While $M_1\cap M_2=\emptyset$, $M_i$ a manifold, show $M=M_1\cup M_2$ is not necessarily a manifold.
Another question, prior to this one, was to show the union is a manifold, where the conditions were slightly different: one manifold was to be disjoint from the other's closure. So I believe I should be looking at intervals that are open, semi-open, closed, etc, within the coordinates in a space of bigger dimension. I am just afraid I am not too familiar with manifolds. One definition states that $M$ is a $k$-manifold near $x_0\in \Bbb{R}^n$ if there exists a permutation $(i_1,...,i_n)$ of $\{1,...,n\}$ and a mapping $g$, continuously differentiable near $({x_0}_{i_1},...,{x_0}_{i_k})$ such that: $$x\in M \iff g (x_{i_1},...,x_{i_k})=(x_{i_{n-k}},...,x_{i_n})$$.

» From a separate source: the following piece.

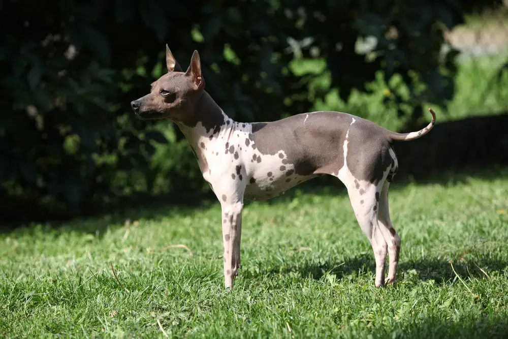The American Hairless Terrier is a unique and relatively rare breed known for its lack of fur. They are lively, affectionate, and intelligent companions that originated from a hairless mutation in a litter of Rat Terriers. The Hairless is recognized for its smooth, soft skin and adaptable, loyal, and charming disposition. While soft and cuddly may not be the first words to come to mind when describing the American Hairless Terrier, they are a playful breed that has a lot of love to give. Unlike some other hairless dog breeds that have tufts of hair here and there, this dog is completely hairless. That makes it extra important to keep their skin clean and protected from the sun. Native to Louisiana, this terrier breed - strangely enough - can be found in coated and hairless varieties. Those with fur are found with a short, soft coat and those without still often have eyebrows and whiskers.

So far, I looked at $M=$ $x$-axis in $\Bbb{R}^2$, with the identity permutation and $g(x)=0$. For all $(x,y)$ on the $x$ axis, $M$, $y=0$, and therefore $g(x)=0=y=x_2$. I am not sure about how legal it is and about differentiability. Is there a way to proceed? I would really appreciate reference to my attempts.